● **INFORMATION GIVEN**
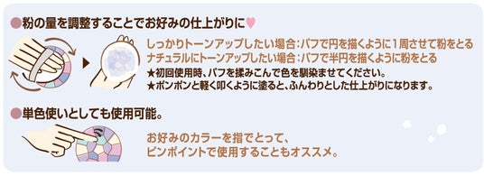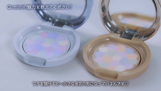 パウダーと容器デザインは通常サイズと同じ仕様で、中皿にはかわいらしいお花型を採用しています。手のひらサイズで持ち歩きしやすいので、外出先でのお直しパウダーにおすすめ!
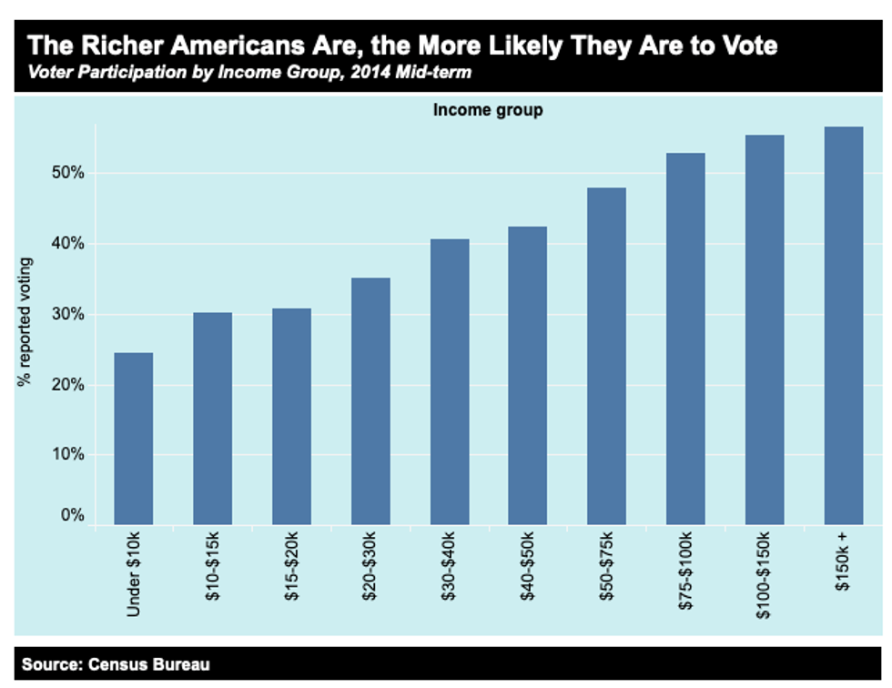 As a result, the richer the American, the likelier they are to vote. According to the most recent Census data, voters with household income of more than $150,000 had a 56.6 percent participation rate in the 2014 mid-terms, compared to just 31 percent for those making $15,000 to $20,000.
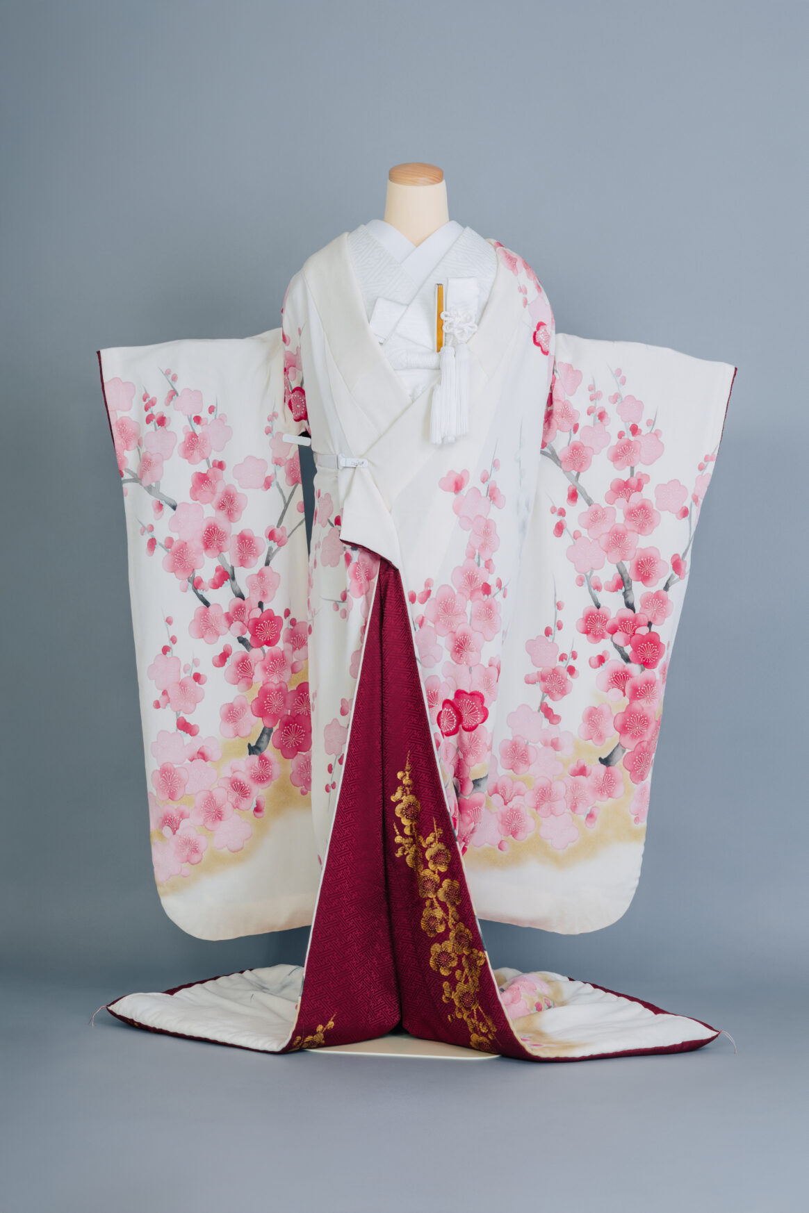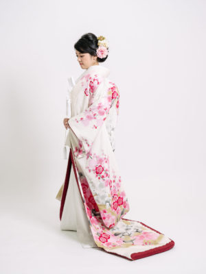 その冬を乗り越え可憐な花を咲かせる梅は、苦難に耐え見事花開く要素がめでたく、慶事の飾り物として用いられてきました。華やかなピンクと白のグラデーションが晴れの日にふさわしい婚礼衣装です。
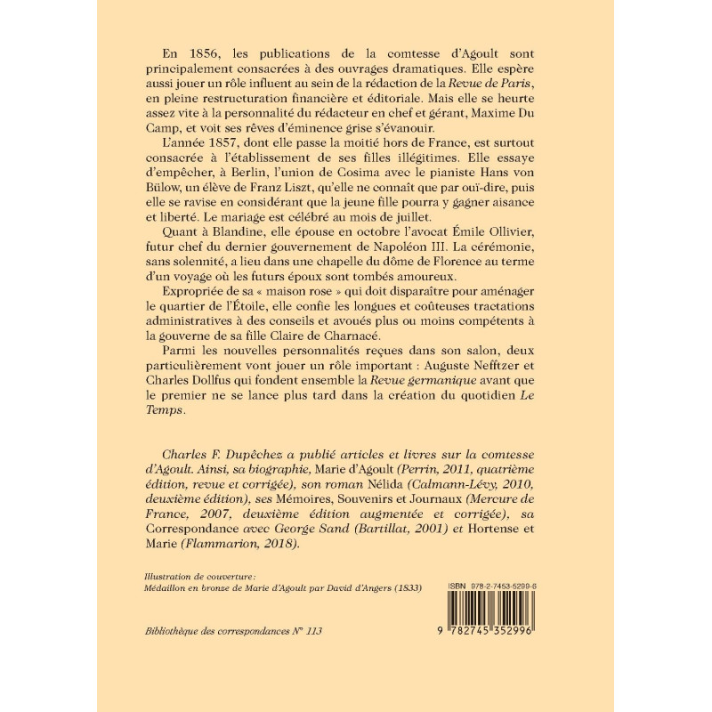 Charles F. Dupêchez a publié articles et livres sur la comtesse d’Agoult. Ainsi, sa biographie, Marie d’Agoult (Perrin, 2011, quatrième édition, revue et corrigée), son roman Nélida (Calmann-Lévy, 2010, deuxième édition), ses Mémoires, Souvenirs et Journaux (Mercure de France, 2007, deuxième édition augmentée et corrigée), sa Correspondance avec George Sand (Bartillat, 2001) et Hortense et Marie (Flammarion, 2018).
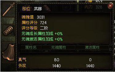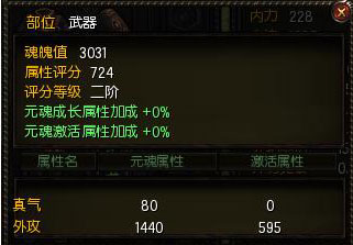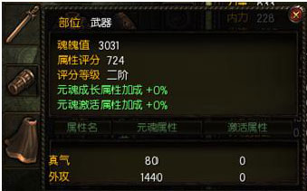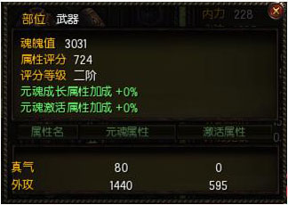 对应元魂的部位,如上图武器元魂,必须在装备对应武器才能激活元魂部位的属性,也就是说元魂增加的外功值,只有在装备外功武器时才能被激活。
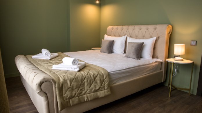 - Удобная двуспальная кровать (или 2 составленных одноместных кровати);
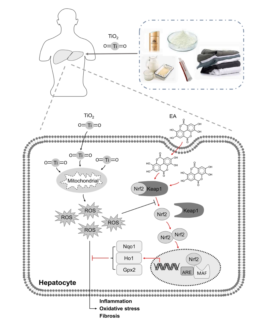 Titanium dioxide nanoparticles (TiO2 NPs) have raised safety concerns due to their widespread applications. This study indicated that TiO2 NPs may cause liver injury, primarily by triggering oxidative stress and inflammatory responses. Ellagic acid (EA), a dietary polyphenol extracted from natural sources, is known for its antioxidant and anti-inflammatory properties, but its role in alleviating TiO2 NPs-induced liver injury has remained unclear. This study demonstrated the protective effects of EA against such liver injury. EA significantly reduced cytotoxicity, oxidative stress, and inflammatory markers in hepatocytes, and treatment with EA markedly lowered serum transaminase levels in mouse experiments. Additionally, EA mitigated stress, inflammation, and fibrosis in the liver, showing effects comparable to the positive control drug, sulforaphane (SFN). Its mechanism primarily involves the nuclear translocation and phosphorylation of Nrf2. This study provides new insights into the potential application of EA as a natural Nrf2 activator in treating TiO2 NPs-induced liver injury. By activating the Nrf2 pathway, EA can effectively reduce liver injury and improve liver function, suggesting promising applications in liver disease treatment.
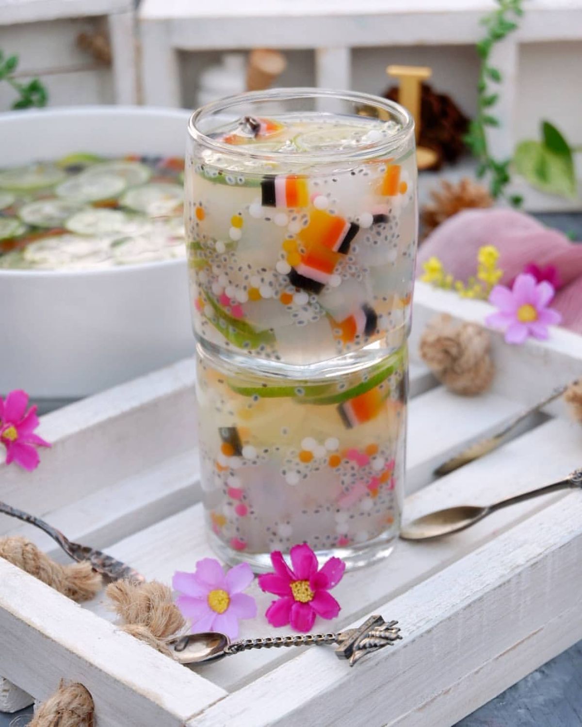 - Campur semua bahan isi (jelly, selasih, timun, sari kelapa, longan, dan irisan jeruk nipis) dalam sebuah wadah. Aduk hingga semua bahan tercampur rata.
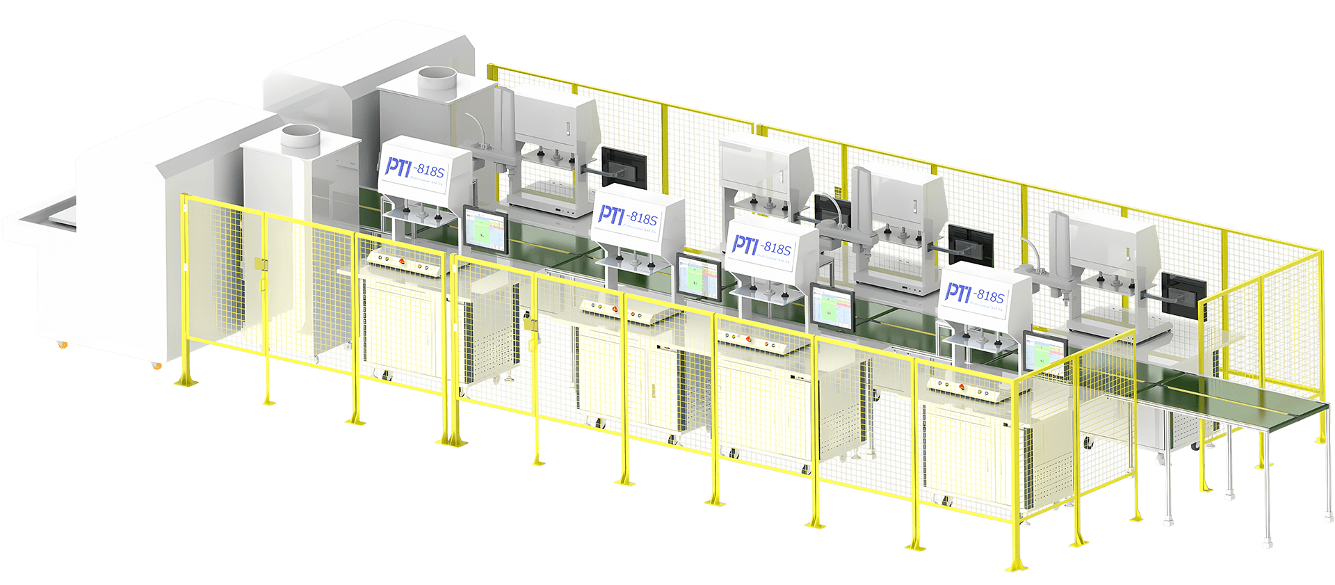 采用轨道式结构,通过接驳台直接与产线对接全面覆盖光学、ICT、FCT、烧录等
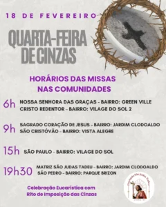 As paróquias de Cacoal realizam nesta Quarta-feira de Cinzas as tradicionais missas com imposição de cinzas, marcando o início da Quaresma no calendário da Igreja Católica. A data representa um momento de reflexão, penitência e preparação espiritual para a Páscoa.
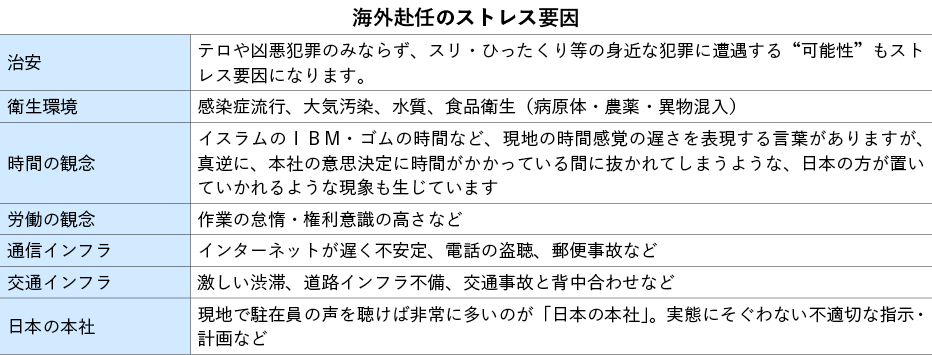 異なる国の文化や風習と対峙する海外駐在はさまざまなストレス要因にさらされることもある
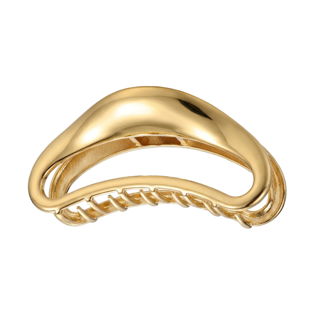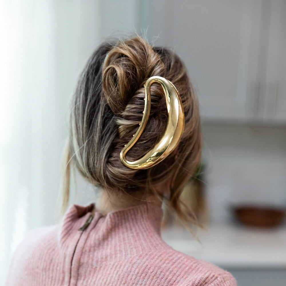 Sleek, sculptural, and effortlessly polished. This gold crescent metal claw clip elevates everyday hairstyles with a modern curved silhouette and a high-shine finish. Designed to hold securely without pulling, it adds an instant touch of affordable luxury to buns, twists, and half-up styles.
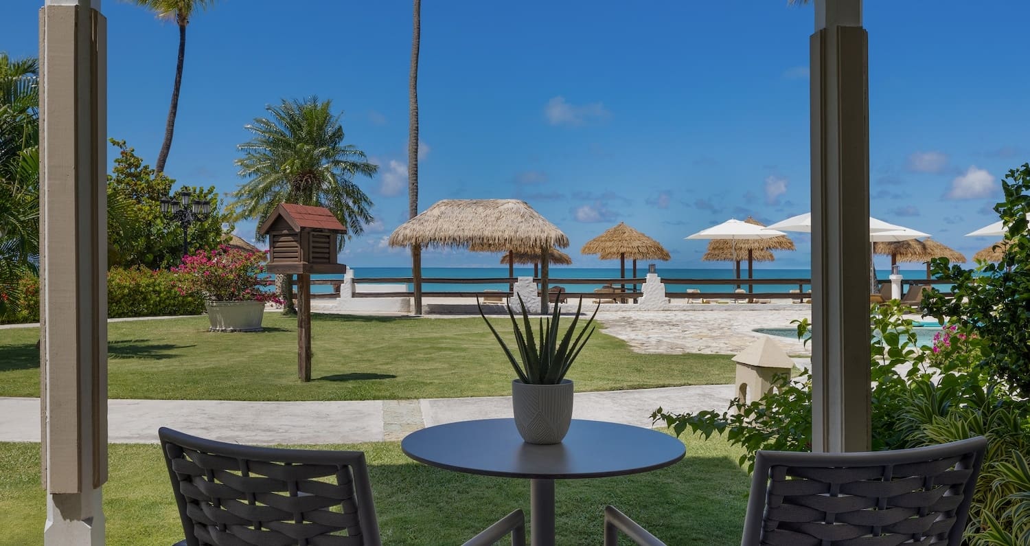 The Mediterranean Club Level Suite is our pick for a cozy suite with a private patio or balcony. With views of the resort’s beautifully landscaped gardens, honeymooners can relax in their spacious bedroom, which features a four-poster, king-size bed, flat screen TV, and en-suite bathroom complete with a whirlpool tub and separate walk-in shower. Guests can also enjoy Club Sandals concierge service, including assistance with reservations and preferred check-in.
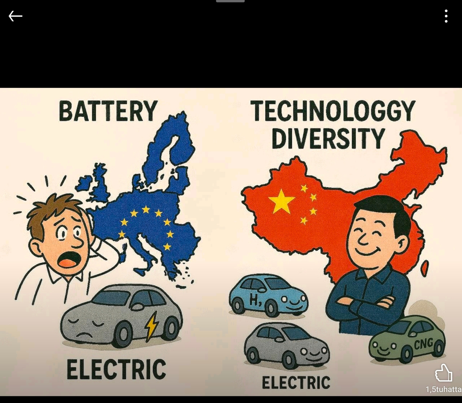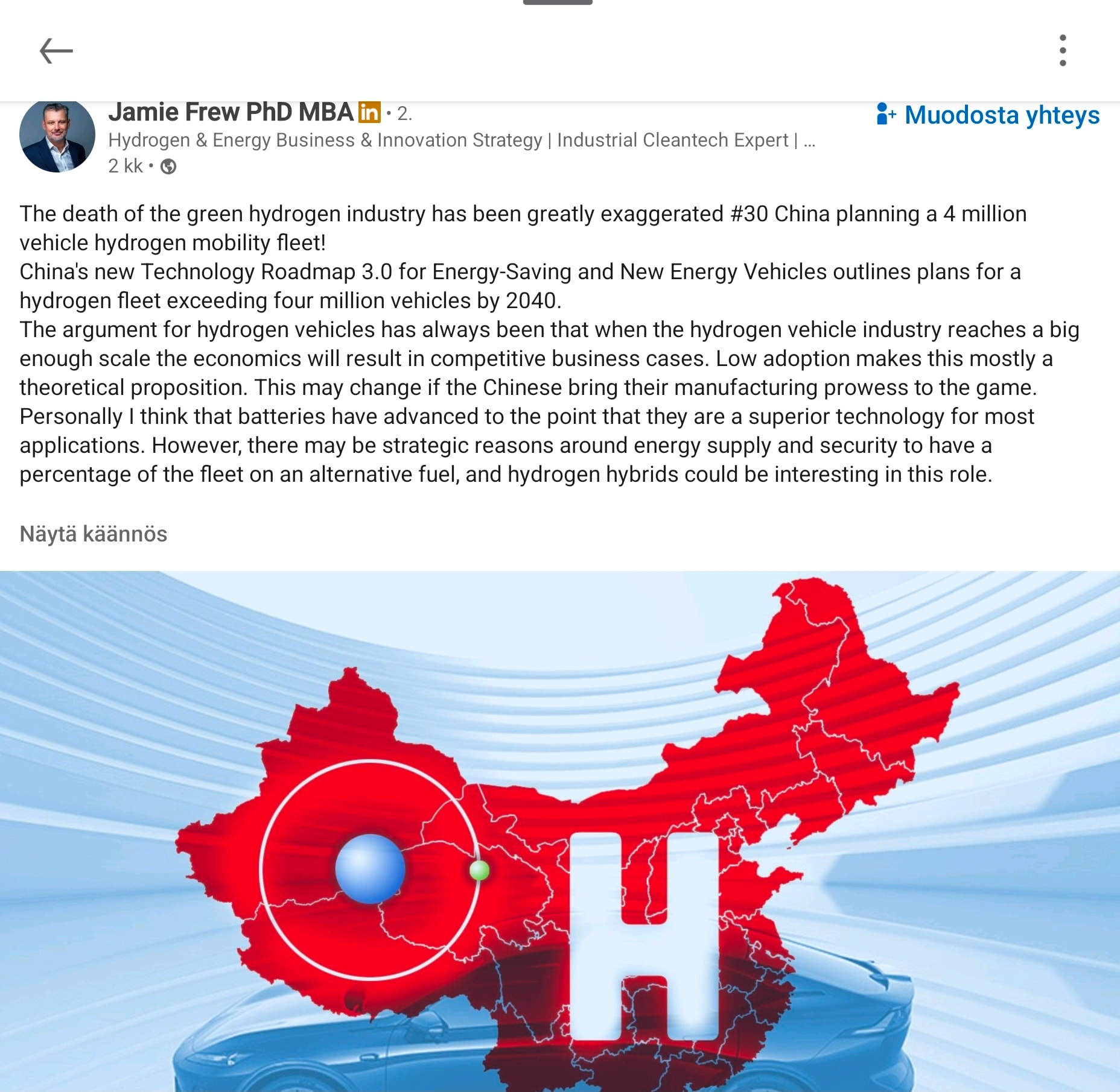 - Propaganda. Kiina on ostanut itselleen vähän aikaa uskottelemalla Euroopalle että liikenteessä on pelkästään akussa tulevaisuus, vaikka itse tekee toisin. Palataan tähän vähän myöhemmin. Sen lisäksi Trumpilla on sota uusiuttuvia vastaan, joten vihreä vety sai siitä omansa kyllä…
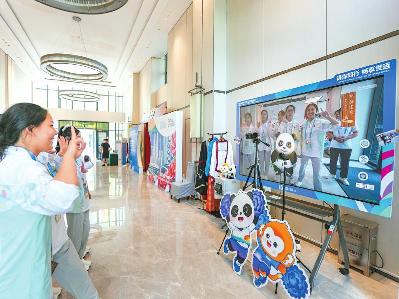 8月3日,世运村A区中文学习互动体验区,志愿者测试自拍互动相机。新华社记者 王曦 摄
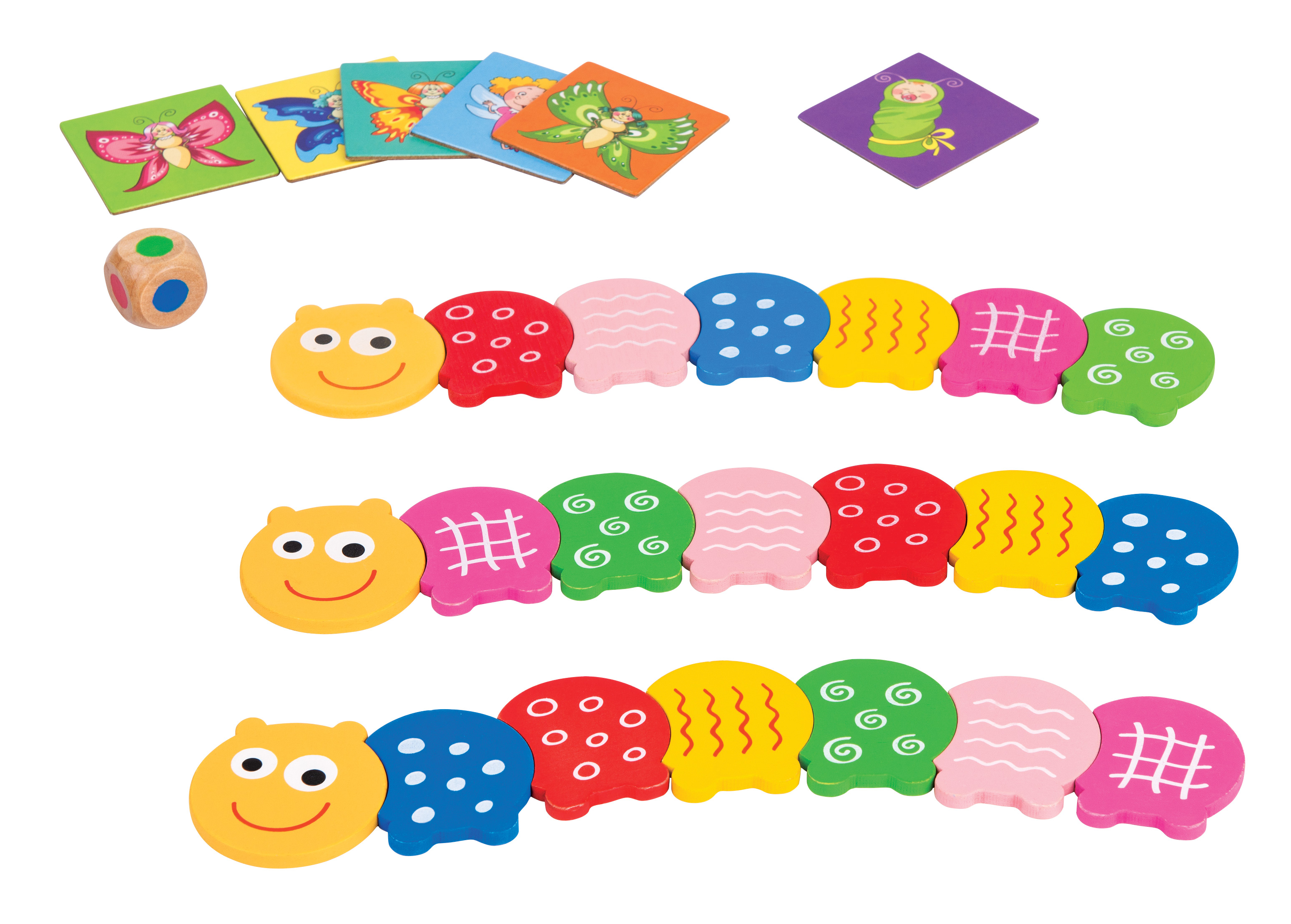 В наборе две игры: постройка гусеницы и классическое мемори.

● **TASK PROMPT**
Output the records exactly as they appear, skipping any pictures.

● **EXERCISE OUTPUT**
 パウダーと容器デザインは通常サイズと同じ仕様で、中皿にはかわいらしいお花型を採用しています。手のひらサイズで持ち歩きしやすいので、外出先でのお直しパウダーにおすすめ!
 As a result, the richer the American, the likelier they are to vote. According to the most recent Census data, voters with household income of more than $150,000 had a 56.6 percent participation rate in the 2014 mid-terms, compared to just 31 percent for those making $15,000 to $20,000.
 その冬を乗り越え可憐な花を咲かせる梅は、苦難に耐え見事花開く要素がめでたく、慶事の飾り物として用いられてきました。華やかなピンクと白のグラデーションが晴れの日にふさわしい婚礼衣装です。
 Charles F. Dupêchez a publié articles et livres sur la comtesse d’Agoult. Ainsi, sa biographie, Marie d’Agoult (Perrin, 2011, quatrième édition, revue et corrigée), son roman Nélida (Calmann-Lévy, 2010, deuxième édition), ses Mémoires, Souvenirs et Journaux (Mercure de France, 2007, deuxième édition augmentée et corrigée), sa Correspondance avec George Sand (Bartillat, 2001) et Hortense et Marie (Flammarion, 2018).
 对应元魂的部位,如上图武器元魂,必须在装备对应武器才能激活元魂部位的属性,也就是说元魂增加的外功值,只有在装备外功武器时才能被激活。
 - Удобная двуспальная кровать (или 2 составленных одноместных кровати);
 Titanium dioxide nanoparticles (TiO2 NPs) have raised safety concerns due to their widespread applications. This study indicated that TiO2 NPs may cause liver injury, primarily by triggering oxidative stress and inflammatory responses. Ellagic acid (EA), a dietary polyphenol extracted from natural sources, is known for its antioxidant and anti-inflammatory properties, but its role in alleviating TiO2 NPs-induced liver injury has remained unclear. This study demonstrated the protective effects of EA against such liver injury. EA significantly reduced cytotoxicity, oxidative stress, and inflammatory markers in hepatocytes, and treatment with EA markedly lowered serum transaminase levels in mouse experiments. Additionally, EA mitigated stress, inflammation, and fibrosis in the liver, showing effects comparable to the positive control drug, sulforaphane (SFN). Its mechanism primarily involves the nuclear translocation and phosphorylation of Nrf2. This study provides new insights into the potential application of EA as a natural Nrf2 activator in treating TiO2 NPs-induced liver injury. By activating the Nrf2 pathway, EA can effectively reduce liver injury and improve liver function, suggesting promising applications in liver disease treatment.
 - Campur semua bahan isi (jelly, selasih, timun, sari kelapa, longan, dan irisan jeruk nipis) dalam sebuah wadah. Aduk hingga semua bahan tercampur rata.
 采用轨道式结构,通过接驳台直接与产线对接全面覆盖光学、ICT、FCT、烧录等
 As paróquias de Cacoal realizam nesta Quarta-feira de Cinzas as tradicionais missas com imposição de cinzas, marcando o início da Quaresma no calendário da Igreja Católica. A data representa um momento de reflexão, penitência e preparação espiritual para a Páscoa.
 異なる国の文化や風習と対峙する海外駐在はさまざまなストレス要因にさらされることもある
 Sleek, sculptural, and effortlessly polished. This gold crescent metal claw clip elevates everyday hairstyles with a modern curved silhouette and a high-shine finish. Designed to hold securely without pulling, it adds an instant touch of affordable luxury to buns, twists, and half-up styles.
 The Mediterranean Club Level Suite is our pick for a cozy suite with a private patio or balcony. With views of the resort’s beautifully landscaped gardens, honeymooners can relax in their spacious bedroom, which features a four-poster, king-size bed, flat screen TV, and en-suite bathroom complete with a whirlpool tub and separate walk-in shower. Guests can also enjoy Club Sandals concierge service, including assistance with reservations and preferred check-in.
 - Propaganda. Kiina on ostanut itselleen vähän aikaa uskottelemalla Euroopalle että liikenteessä on pelkästään akussa tulevaisuus, vaikka itse tekee toisin. Palataan tähän vähän myöhemmin. Sen lisäksi Trumpilla on sota uusiuttuvia vastaan, joten vihreä vety sai siitä omansa kyllä…
 8月3日,世运村A区中文学习互动体验区,志愿者测试自拍互动相机。新华社记者 王曦 摄
 В наборе две игры: постройка гусеницы и классическое мемори.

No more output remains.